The repair command is started only on one node with the following parameters:
nodetool repair -full -dcpar
Is it problematic if the repair is started only on one node?
The repair fails after one hour with the following error message:
failed with error Could not create snapshot at /192.168.13.232 (progress: 0%)
[2019-12-28 05:00:04,295] Some repair failed
[2019-12-28 05:00:04,296] Repair command #1 finished in 1 hour 0 minutes 2 seconds
error: Repair job has failed with the error message: [2019-12-28 05:00:04,295] Some repair failed
-- StackTrace --
java.lang.RuntimeException: Repair job has failed with the error message: [2019-12-28 05:00:04,295] Some repair failed
at org.apache.cassandra.tools.RepairRunner.progress(RepairRunner.java:116)
at org.apache.cassandra.utils.progress.jmx.JMXNotificationProgressListener.handleNotification(JMXNotificationProgressListener.java:77)
at com.sun.jmx.remote.internal.ClientNotifForwarder$NotifFetcher.dispatchNotification(Unknown Source)
at com.sun.jmx.remote.internal.ClientNotifForwarder$NotifFetcher.doRun(Unknown Source)
at com.sun.jmx.remote.internal.ClientNotifForwarder$NotifFetcher.run(Unknown Source)
at com.sun.jmx.remote.internal.ClientNotifForwarder$LinearExecutor$1.run(Unknown Source)
In the logfile on 192.168.13.232 which is in the second data center I could find only in debug.log the following log messages:DEBUG [COMMIT-LOG-ALLOCATOR] 2019-12-28 04:21:20,143 AbstractCommitLogSegmentManager.java:109 - No segments in reserve; creating a fresh one
DEBUG [MessagingService-Outgoing-192.168.13.120-Small] 2019-12-28 04:31:00,450 OutboundTcpConnection.java:410 - Socket to 192.168.13.120
closed
DEBUG [MessagingService-Outgoing-192.168.13.120-Small] 2019-12-28 04:31:00,450 OutboundTcpConnection.java:349 - Error writing to 192.168
.13.120
java.io.IOException: Connection timed out
at sun.nio.ch.FileDispatcherImpl.write0(Native Method) ~[na:1.8.0_111]
We tried to run repair a few more times but it always failed with the same error.

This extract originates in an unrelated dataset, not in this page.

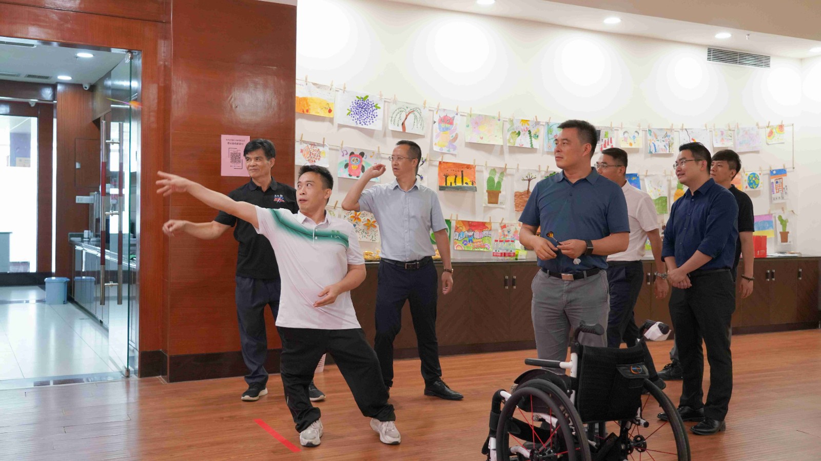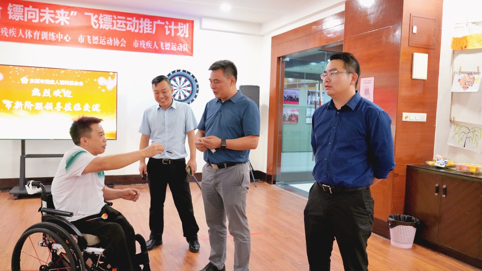 市新阶联会长冯敏治一行在我会副理事长邱霖霄、副会长谢忠艺的陪同下,首先来到基金会多能厅看望市残疾人飞镖运动队员,观摩飞镖训练,大家对这一项残健融合,共同竞技的运动表现出浓厚的兴趣。市飞镖运动协会会长、市残疾人飞镖运动队队长韩炳辉向大家介绍飞镖运动的特点和投掷技巧,热情地邀请领导们参与投掷,一起感受飞镖运动的乐趣,领导们和残疾人运动员们进行了亲切的交流和比赛互动,现场气氛十分热烈,掌声、欢呼声不断。冯会长一行还参观了爱心走廊、残艺团、盲人按摩、残健书画室等项目场地。
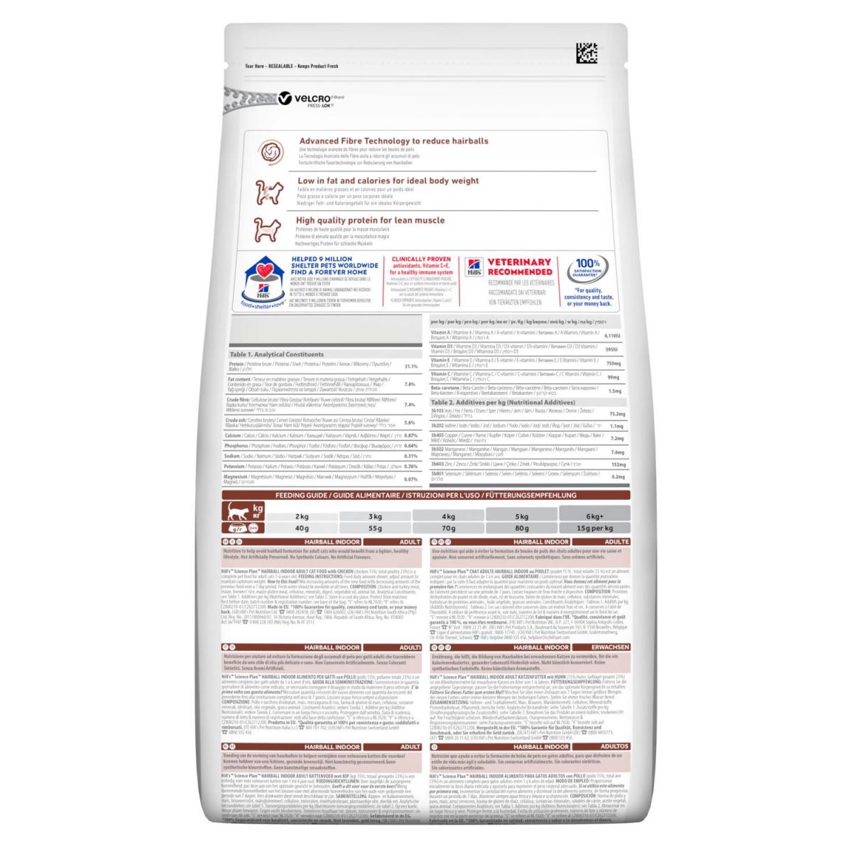 Никто не любит волосяные комочки - особенно ваша взрослая кошка. Сухой корм для домашних кошек и котов для выведения шерсти HILL'S SCIENCE PLAN Hairball Indoor помогает уменьшить образование волосяных комочков в желудке у взрослых кошек, живущих в квартире, благодаря передовой технологии использования пищевых волокон. Корм содержит меньше жира и калорий для поддержания идеального веса, а также высококачественный белок для поддержания мышечной массы.

After restarting all nodes it was finally successful.
Any idea what could be wrong?
RegardsOliver
Re: repair failed
Posted by Ben Mills <be...@bitbrew.com>.
Hi Oliver,
I don't have a quick answer (or any answer yet), though we ran into a
similar issue and I'm wondering about your environment and some configs.
- Operating system?
- Cloud or on-premise?
- Version of Cassandra?
- Version of Java?
- Compaction strategy?
- Primarily read or primarily write (or a blend of both)?
- How much memory allocated to heap?
- How long do all the repair commands typically take per node?
nodetool repair -full -dcpar will stream data across data centers - is it
possible that the number of nodes, or the amount of data, or the number of
keyspaces has grown enough over time to cause streaming issues (and
timeouts)?
You wrote:
Is it problematic if the repair is started only on one node?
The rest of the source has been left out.